The doctor explains why and when to wear a mask according to CDC guidelines | Instant News

That Centers for Disease Control and Prevention has changed its policy and is now advising everyone, whether they have symptoms of COVID-19, to cover their faces with masks or cloth whenever social distance is difficult to maintain. For more details, the CDC does not say you have to wear a mask wherever you go, but in places where people gather, including grocery stores and public transportation and rides.

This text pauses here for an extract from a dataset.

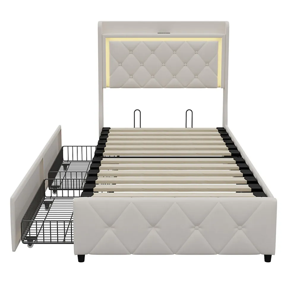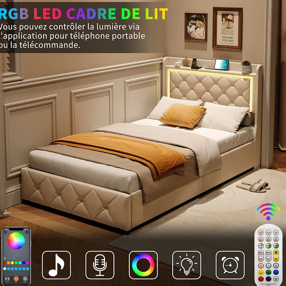 Tissu velours doux et élégant : Revêtement en velours beige de haute qualité, agréable au toucher et confortable pour un sommeil de qualité. Rangement tête de lit et lit à gaz : Compartiments pratiques dans la tête de lit et lit à gaz pour ranger linge de lit, vêtements ou accessoires. Éclairage LED intégré : Lampes décoratives sur la tête de lit pour une ambiance chaleureuse et moderne dans la chambre. Port USB et Type-C pratique : Chargez facilement vos appareils électroniques sans encombrer la chambre avec des câbles supplémentaires. Construction robuste et durable : Structure solide et matériaux de qualité garantissant stabilité, confort et utilisation en toute sécurité au quotidien. Remarque : Taille applicable : 90 x 200 cm (hors matelas) Pour garantir la sécurité, les produits sont expédiés par lots et peuvent ne pas arriver le même jour. Veuillez patienter.

The shift in recommendations reflects growing evidence that COVID-19 can be transmitted through breathing and normal speech but also the fact that people do not effectively cover their sneezing and coughing.

Stealth virus

The middle name COVID-19 must be “hidden”. People can lose virus for one to three days before showing any symptoms – including no coughing, sneezing, or fever – in what is called “presymptomatic transmission.” A Singapore study shows that 10% of infections are caused by asymptomatic spread.

A study of 3,711 passengers and crew on board Putri Intan cruises show that almost 1 in 5 COVID-19 operators have never experienced symptoms. Some of these people transmit the virus through “asymptomatic transmission.” The proportion of infected people who have never experienced symptoms can be more like one third for the general population who are younger and healthier than those used to cruise ships.

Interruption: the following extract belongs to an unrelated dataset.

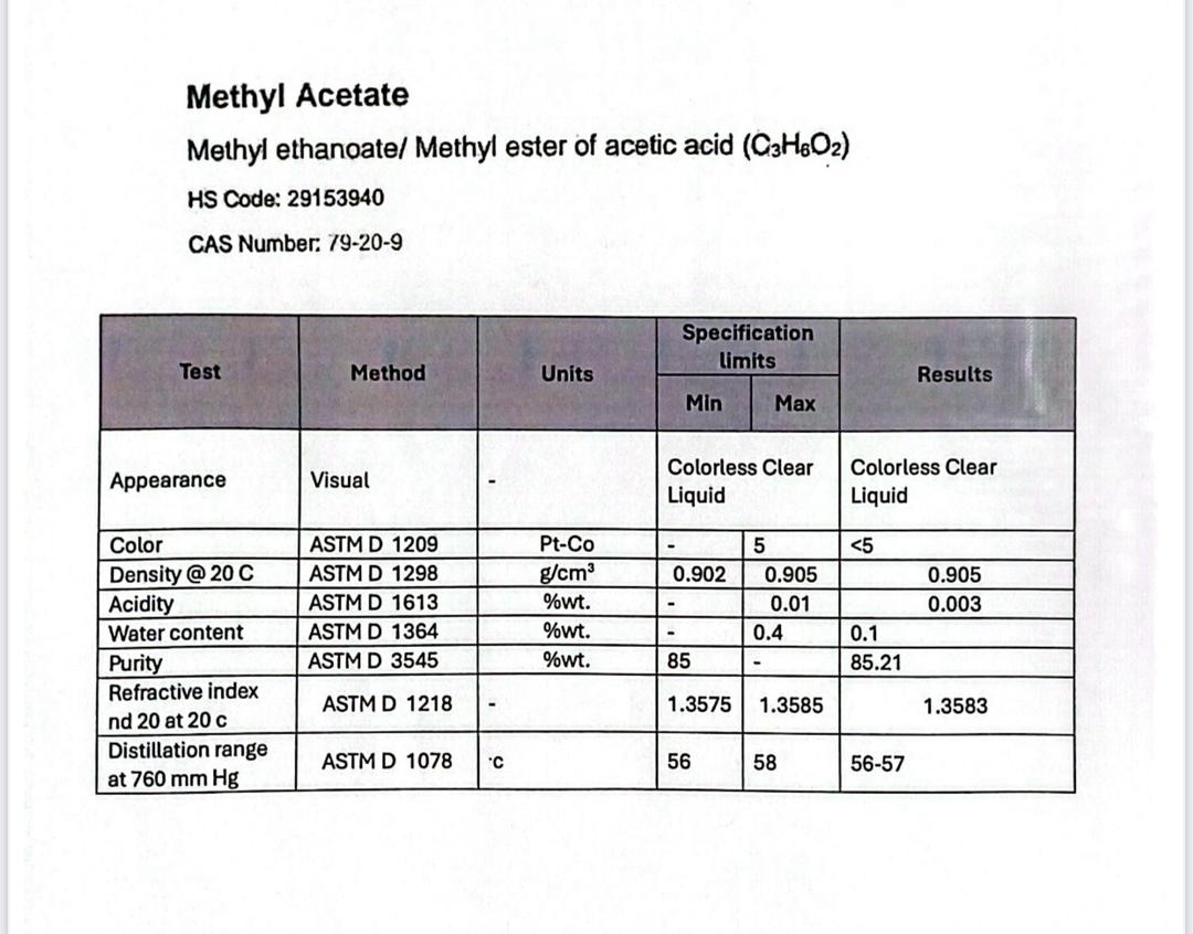 فروش متیل استات توسط بازرگانی آبان شیمی و به صورت عمده و جزئی انجام می شود. اگر به دنبال خرید آن با بهترین قیمت و کیفیت هستید، با کارشناسان بخش فروش این ماده آبان شیمی در ارتباط باشید.

The ability of viruses to spread easily from one person to another is why people are asked to physically distance themselves from each other. But people still have to go to get important items in places where people gather.

If someone doesn’t cough or sneeze, how do they spread the virus? One of them is by contact. This virus lives in the mucous membranes in the throat and nose. With everyone touching their faces two and a half minutes, on average it is easy to see how the virus spreads to our hands, and then we can spread it to commonly used surfaces such as doorknobs, plastic handles on subways or other people’s hands. Steel and plastic the surface can hold a living virus for three days.

Another method of transmission is with infected people without symptoms breathing, talks, shouted or song. This activity aerosolize virus, creating virus particles in the air – also called droplet nuclei – that are so small that they can float in the air to three hours. Coughing and sneezing produce bigger water and viruses dropletand produce aerosol virus.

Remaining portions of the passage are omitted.